Scholarly Engagement & Seminar Norms

ASTR 201 — Astronomy for Science Majors

Artifact Header (for course materials)
Course: ASTR 201
Module: [TBD] (used throughout the semester)
Learning Objectives: Practice scientific reasoning and evidence-based discussion (supports course learning outcomes).
Concept Throughline: Observables → models → inference, with uncertainty as normal.
Math level: Astro 201 (equations are allowed, but we always interpret symbols physically).
Mode: Draft


What is “Scholarly Engagement” (10%)?

In this course, your engagement grade measures something real: whether you are practicing the skills scientists use to build understanding together.

You earn Scholarly Engagement credit through: - iClicker participation during in-class questions (often think–pair–share). - In-class group inquiry activities (from Learning Astronomy by Doing Astronomy). - Socratic Seminars (a structured discussion where we interpret a shared “text,” often a figure, spectrum, short excerpt, or dataset).

This is not “points for talking.” It’s credit for doing the intellectual work of astronomy in community.


What “good engagement” looks like (examples)

During discussion, lab-style activities, or seminar, strong engagement sounds like:

  • “My claim is , because the plot shows .”
  • “I’m not fully sure, but I think ___ under the assumption that ___.”
  • “Can we check the axis / units / trend again? If that’s true, then ___.”
  • “An alternative explanation could be ___. What observation would separate them?”

You do not need to be loud to be engaged.
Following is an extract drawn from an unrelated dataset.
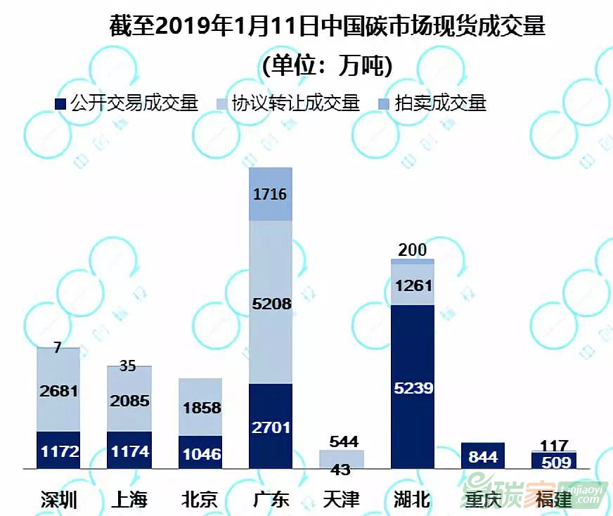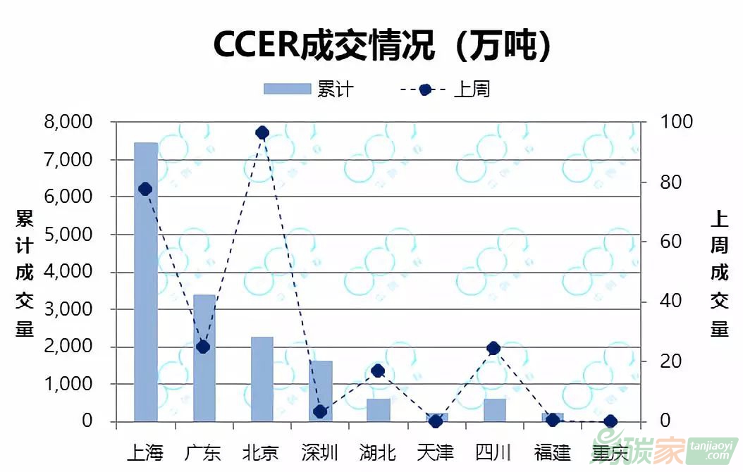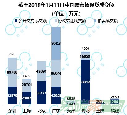 四川分別成交25萬噸和24.2萬噸;深圳市場成交3萬噸,福建成交2100噸。天津和重慶市場無成交。截至2019年1月11日,全國CCER累計(jì)成交1.65億噸,其中上海的CCER累計(jì)成交量最高,達(dá)7464萬噸,占全國成交量的45%;廣東、北京、深圳位列第二梯隊(duì),CCER累計(jì)成交量在1500萬噸~3500萬噸之間;湖北、天津、四川、福建位列第三梯隊(duì),CCER累計(jì)成交量在200萬噸~650萬噸之間;重慶CCER無成交。

You do need to be evidence-based and constructive.


Socratic Seminar norms (how we talk like scientists)

In seminar, our goal is shared inquiry, not performance.

1) Anchor claims in evidence.
If you make a claim, point to something specific: a line in the text, a feature in the figure, an axis label, a trend, a number.

2) Name assumptions out loud.
Astronomy is inference under constraints. Assumptions are part of the job, not something to hide.

3) Disagree with ideas, not people.
Use: “I interpret it differently because…” not “That’s wrong.”

4) Share the airtime.
If you’ve spoken a lot, practice listening. If you’ve been quiet, try one contribution: a question, a clarification, or one evidence-based claim.

5) Let uncertainty be normal (but not vague).
Uncertainty is fine. Vague claims are not. Try: “I’m ~70% confident because…”


Practical seminar roles (so everyone can contribute)

Depending on the day, you may be in an inner circle (speaking) or outer circle (observing + supporting).

Outer circle contributions that count as full engagement: - Track where the group used evidence well (and where we didn’t). - Notice assumptions that were stated (or missing). - Identify a moment when someone revised their thinking. - Offer one “what would we measure next?” question during the debrief.


What hurts your Scholarly Engagement grade

  • Side conversations during class or seminar.
  • Phone use that distracts you or others.
  • Excessive tardiness and/or absences.
  • Dismissing classmates instead of engaging their reasoning.
  • Speaking without evidence (repeatedly) after redirection.

Academic integrity and AI tools

Your thinking matters here. Generative AI tools (e.g., ChatGPT, Copilot, Gemini, Claude) are prohibited for course-related assessments.
That includes any for-credit written seminar prep/reflections, if assigned. If you’re unsure whether something counts, ask before submitting.